Data to use:

====

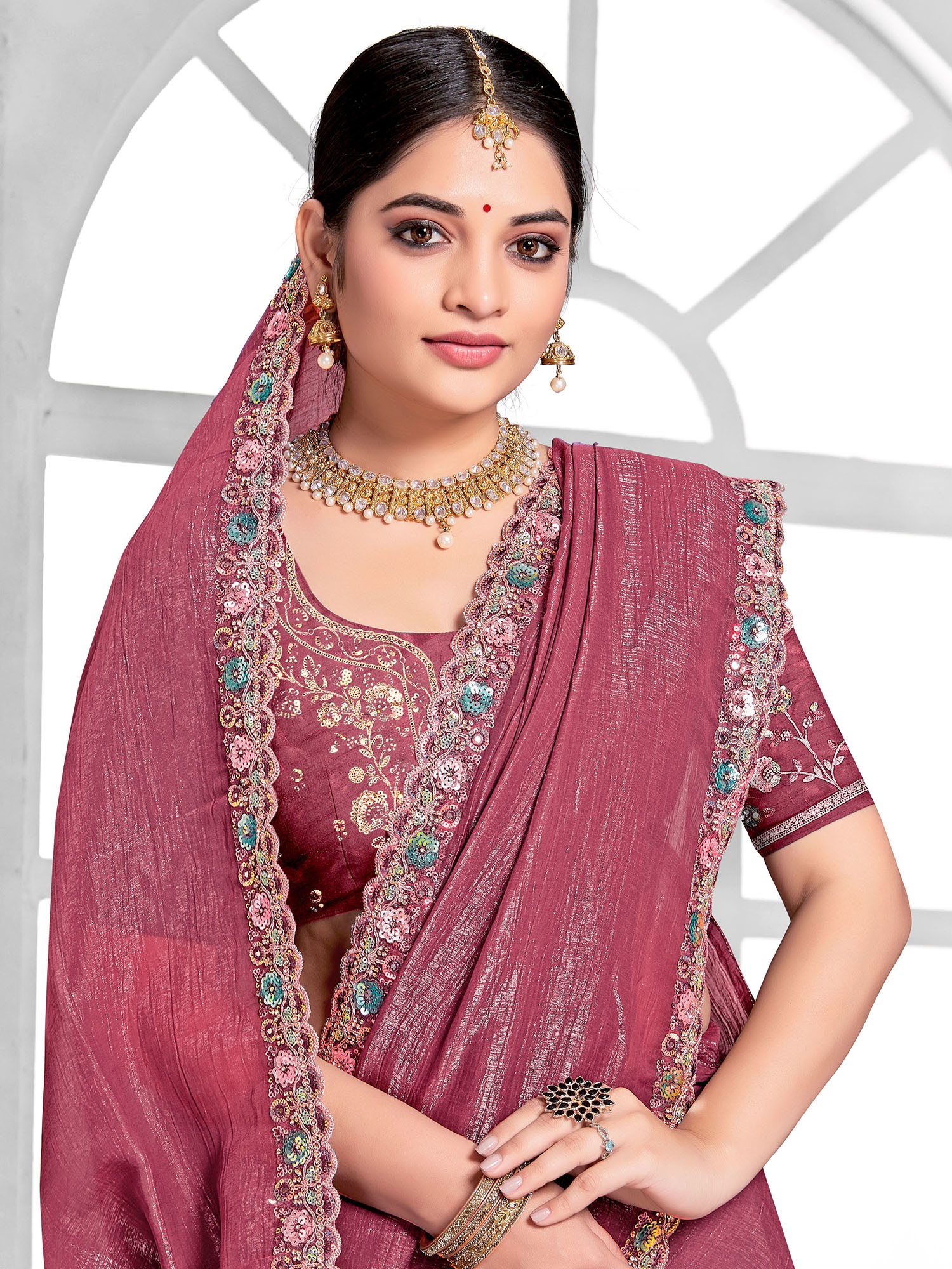 This saree is a true masterpiece, designed to make you the center of attention at any gathering. The shimmering silk fabric drapes beautifully, offering both comfort and elegance. The rich color of the saree provides a sophisticated backdrop for the intricate sequins and embroidery work that adorns its border. These delicate embellishments catch the light with every movement, adding a touch of glamour and sparkle to your look. The detailed craftsmanship is evident in every stitch, reflecting a commitment to quality and timeless style.
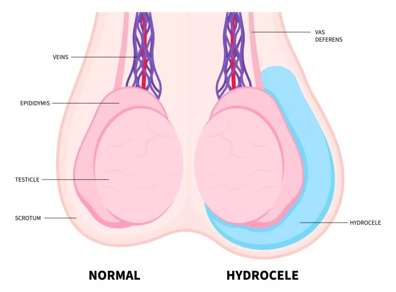 Hydroceles are common in newborns but usually resolve on their own within the first year. In adults, hydroceles may result from injury, inflammation, or an infection in the testicle or epididymis. While not dangerous in itself, hydrocele can sometimes indicate underlying issues such as a hernia or testicular tumor, making medical evaluation necessary.
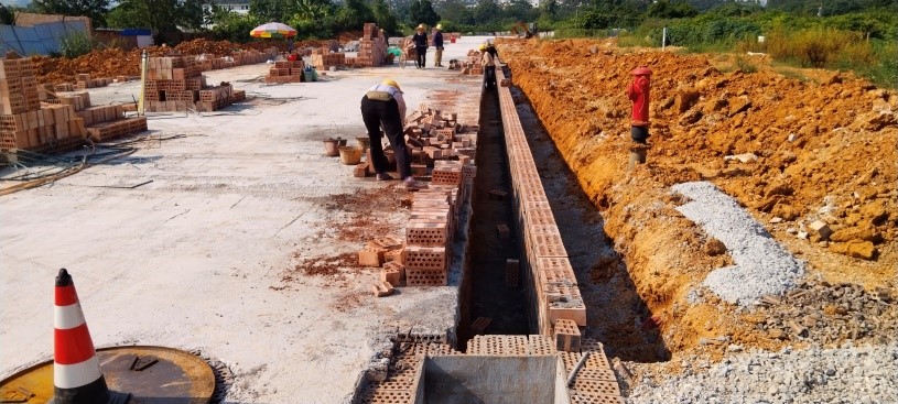 (2)林学院:基槽开挖,砖胎模砌筑。
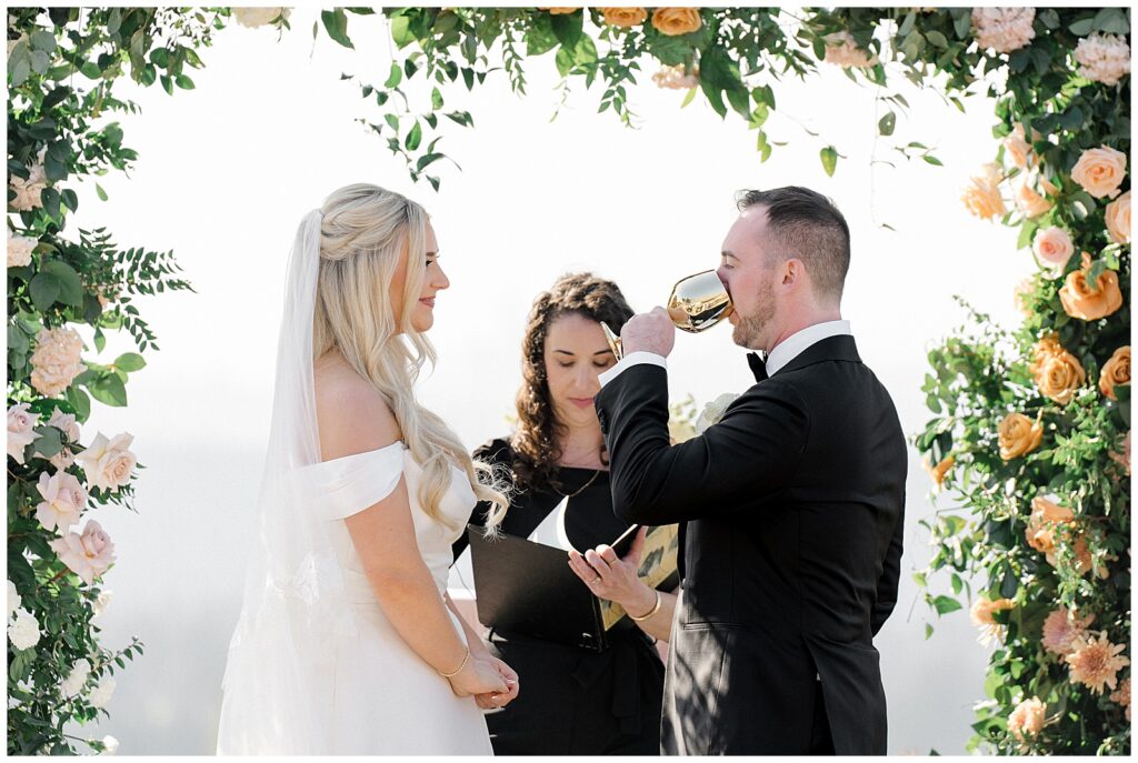 After their heartfelt ceremony, guests gathered for cocktails on the terrace. The day unfolded with a sense of ease and authenticity; filled with the joy of being surrounded by their closest people. As the sun set over the hills, the evening transitioned seamlessly into dinner and dancing, a reflection of everything Lincoln and Alec value most: family, intention, and connection.
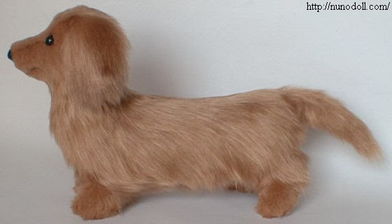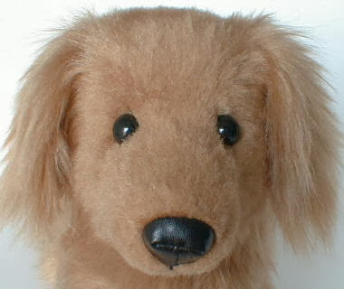 El Golden Retriever es un perro amable y trabajador. Altura de 20 centímetros (desde patas delanteras a cabeza). La postura de las extremidades es fija pero el cuello puede girar. Marrón de piel es el mismo color que el Dachshund . Los ojos negros son de plástico.
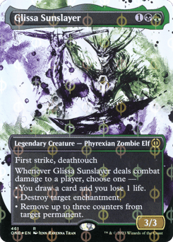 First strike, deathtouch Whenever Glissa Sunslayer deals combat damage to a player, choose one — • You draw a card and you lose 1 life. • Destroy target enchantment. • Remove up to three counters from target permanent.
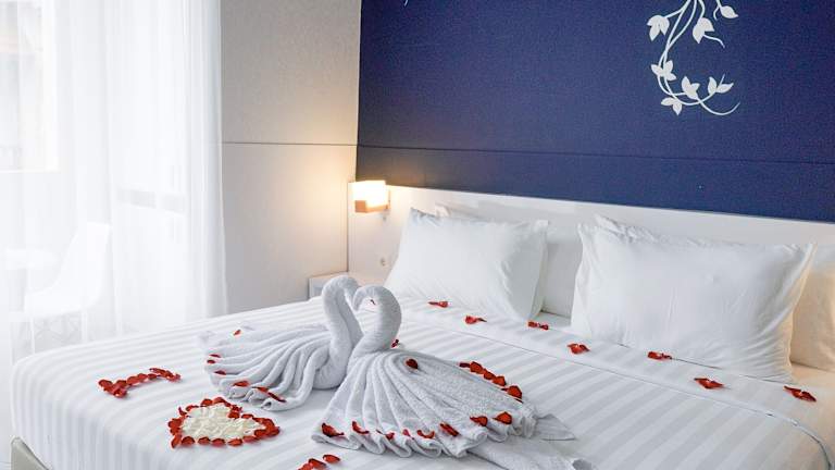 Die Zimmer sind klimatisiert und verfügen über einen Balkon. Jede Unterkunft ist mit einem Doppelbett, einem Sofabett, einer Minibar und einem Schreibtisch ausgestattet. In der Kochnische finden sich eine Mikrowelle sowie eine Tee- und Kaffeemaschine. Kommunikationsmöglichkeiten wie Telefon und TV-Gerät sind ebenfalls vorhanden. Im Badezimmer befindet sich eine Dusche und ein Haartrockner, sowie Kosmetikartikel. Es sind auch rollstuhlgerechte Zimmer mit barrierefreiem Bad verfügbar.
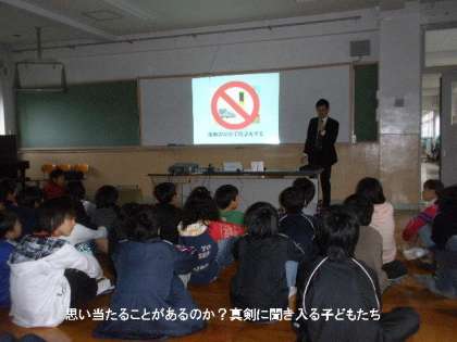 子どもたちの多くが自分の携帯をもっていますが,危険なメール等の説明の時は,思い当たることがあるのか、真剣に聞き入っていました。
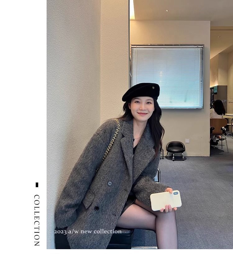 大人っぽチェスターコート プレミアム感 グレー スーツ ツイードコート レディース 秋冬 厚手 ニッチ イミテーション ウール カシミア ツイード コート 韓国ファッション
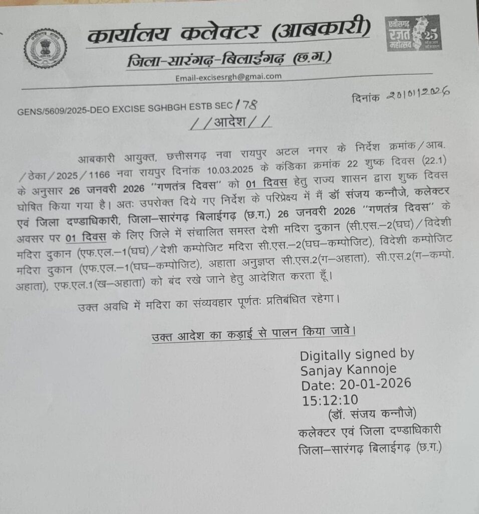 सारंगढ़ बिलाईगढ़// कलेक्टर एवं जिला दण्डाधिकारी डॉ संजय कन्नौजे ने गणतंत्र दिवस पर 26 जनवरी को सारंगढ़-बिलाईगढ़ जिले में मदिरा शुष्क दिवस का आदेश जारी किया है।

====

Task: Wherever a picture appears in the data, please drop it and retype the rest exactly.

Task solution:
 This saree is a true masterpiece, designed to make you the center of attention at any gathering. The shimmering silk fabric drapes beautifully, offering both comfort and elegance. The rich color of the saree provides a sophisticated backdrop for the intricate sequins and embroidery work that adorns its border. These delicate embellishments catch the light with every movement, adding a touch of glamour and sparkle to your look. The detailed craftsmanship is evident in every stitch, reflecting a commitment to quality and timeless style.
 Hydroceles are common in newborns but usually resolve on their own within the first year. In adults, hydroceles may result from injury, inflammation, or an infection in the testicle or epididymis. While not dangerous in itself, hydrocele can sometimes indicate underlying issues such as a hernia or testicular tumor, making medical evaluation necessary.
 (2)林学院:基槽开挖,砖胎模砌筑。
 After their heartfelt ceremony, guests gathered for cocktails on the terrace. The day unfolded with a sense of ease and authenticity; filled with the joy of being surrounded by their closest people. As the sun set over the hills, the evening transitioned seamlessly into dinner and dancing, a reflection of everything Lincoln and Alec value most: family, intention, and connection.
 El Golden Retriever es un perro amable y trabajador. Altura de 20 centímetros (desde patas delanteras a cabeza). La postura de las extremidades es fija pero el cuello puede girar. Marrón de piel es el mismo color que el Dachshund . Los ojos negros son de plástico.
 First strike, deathtouch Whenever Glissa Sunslayer deals combat damage to a player, choose one — • You draw a card and you lose 1 life. • Destroy target enchantment. • Remove up to three counters from target permanent.
 Die Zimmer sind klimatisiert und verfügen über einen Balkon. Jede Unterkunft ist mit einem Doppelbett, einem Sofabett, einer Minibar und einem Schreibtisch ausgestattet. In der Kochnische finden sich eine Mikrowelle sowie eine Tee- und Kaffeemaschine. Kommunikationsmöglichkeiten wie Telefon und TV-Gerät sind ebenfalls vorhanden. Im Badezimmer befindet sich eine Dusche und ein Haartrockner, sowie Kosmetikartikel. Es sind auch rollstuhlgerechte Zimmer mit barrierefreiem Bad verfügbar.
 子どもたちの多くが自分の携帯をもっていますが,危険なメール等の説明の時は,思い当たることがあるのか、真剣に聞き入っていました。
 大人っぽチェスターコート プレミアム感 グレー スーツ ツイードコート レディース 秋冬 厚手 ニッチ イミテーション ウール カシミア ツイード コート 韓国ファッション
 सारंगढ़ बिलाईगढ़// कलेक्टर एवं जिला दण्डाधिकारी डॉ संजय कन्नौजे ने गणतंत्र दिवस पर 26 जनवरी को सारंगढ़-बिलाईगढ़ जिले में मदिरा शुष्क दिवस का आदेश जारी किया है।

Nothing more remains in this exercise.